» Task item
Only one stretch of the listing below is wanted. Give it again exactly, from the line with "Praca zdalna nie" through the line with "我們點了3C套餐,客家小炒好".

Records for this task START

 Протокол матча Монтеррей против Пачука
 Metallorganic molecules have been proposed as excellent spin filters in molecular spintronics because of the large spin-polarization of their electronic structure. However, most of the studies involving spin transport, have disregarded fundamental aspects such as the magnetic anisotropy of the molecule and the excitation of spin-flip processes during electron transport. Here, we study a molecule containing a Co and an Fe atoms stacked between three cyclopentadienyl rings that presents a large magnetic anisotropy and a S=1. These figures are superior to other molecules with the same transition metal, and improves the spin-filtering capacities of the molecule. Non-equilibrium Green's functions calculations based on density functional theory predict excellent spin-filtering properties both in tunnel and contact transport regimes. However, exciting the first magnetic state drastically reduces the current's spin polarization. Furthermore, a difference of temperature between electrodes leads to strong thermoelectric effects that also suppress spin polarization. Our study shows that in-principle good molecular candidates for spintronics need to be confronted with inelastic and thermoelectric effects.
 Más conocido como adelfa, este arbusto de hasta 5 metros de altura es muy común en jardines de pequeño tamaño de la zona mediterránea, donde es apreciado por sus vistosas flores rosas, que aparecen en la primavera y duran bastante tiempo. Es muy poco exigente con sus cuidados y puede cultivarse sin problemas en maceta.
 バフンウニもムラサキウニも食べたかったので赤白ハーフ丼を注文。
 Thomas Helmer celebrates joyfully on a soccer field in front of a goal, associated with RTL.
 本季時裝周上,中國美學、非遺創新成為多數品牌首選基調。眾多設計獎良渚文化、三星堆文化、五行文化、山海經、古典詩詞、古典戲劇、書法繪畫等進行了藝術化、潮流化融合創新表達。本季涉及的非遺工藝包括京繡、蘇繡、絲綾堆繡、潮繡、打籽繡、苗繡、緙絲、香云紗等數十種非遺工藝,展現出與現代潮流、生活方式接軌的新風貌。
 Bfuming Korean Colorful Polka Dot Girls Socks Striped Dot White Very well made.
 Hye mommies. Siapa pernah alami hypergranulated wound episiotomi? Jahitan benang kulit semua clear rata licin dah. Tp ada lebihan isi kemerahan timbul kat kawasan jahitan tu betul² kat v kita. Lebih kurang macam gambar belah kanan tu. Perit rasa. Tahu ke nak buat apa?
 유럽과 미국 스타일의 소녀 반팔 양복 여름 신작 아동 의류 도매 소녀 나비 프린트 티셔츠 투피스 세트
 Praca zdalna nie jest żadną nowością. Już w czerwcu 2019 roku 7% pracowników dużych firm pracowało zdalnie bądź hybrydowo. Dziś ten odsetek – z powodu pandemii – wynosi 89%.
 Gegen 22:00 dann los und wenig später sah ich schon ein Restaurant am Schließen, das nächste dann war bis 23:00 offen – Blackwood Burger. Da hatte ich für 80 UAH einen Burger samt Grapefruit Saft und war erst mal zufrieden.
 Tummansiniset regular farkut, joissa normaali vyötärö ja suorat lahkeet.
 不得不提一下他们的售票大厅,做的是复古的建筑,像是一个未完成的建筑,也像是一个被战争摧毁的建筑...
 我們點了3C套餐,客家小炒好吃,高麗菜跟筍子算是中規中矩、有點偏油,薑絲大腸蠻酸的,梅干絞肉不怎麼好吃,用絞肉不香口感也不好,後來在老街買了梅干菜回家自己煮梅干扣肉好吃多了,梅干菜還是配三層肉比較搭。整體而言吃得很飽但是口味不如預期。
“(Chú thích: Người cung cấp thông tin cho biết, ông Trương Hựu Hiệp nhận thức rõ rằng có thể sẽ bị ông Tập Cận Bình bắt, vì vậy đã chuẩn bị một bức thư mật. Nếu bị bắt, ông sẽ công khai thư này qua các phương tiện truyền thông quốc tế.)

Records for this task END

» Exercise result
 Praca zdalna nie jest żadną nowością. Już w czerwcu 2019 roku 7% pracowników dużych firm pracowało zdalnie bądź hybrydowo. Dziś ten odsetek – z powodu pandemii – wynosi 89%.
 Gegen 22:00 dann los und wenig später sah ich schon ein Restaurant am Schließen, das nächste dann war bis 23:00 offen – Blackwood Burger. Da hatte ich für 80 UAH einen Burger samt Grapefruit Saft und war erst mal zufrieden.
 Tummansiniset regular farkut, joissa normaali vyötärö ja suorat lahkeet.
 不得不提一下他们的售票大厅,做的是复古的建筑,像是一个未完成的建筑,也像是一个被战争摧毁的建筑...
 我們點了3C套餐,客家小炒好吃,高麗菜跟筍子算是中規中矩、有點偏油,薑絲大腸蠻酸的,梅干絞肉不怎麼好吃,用絞肉不香口感也不好,後來在老街買了梅干菜回家自己煮梅干扣肉好吃多了,梅干菜還是配三層肉比較搭。整體而言吃得很飽但是口味不如預期。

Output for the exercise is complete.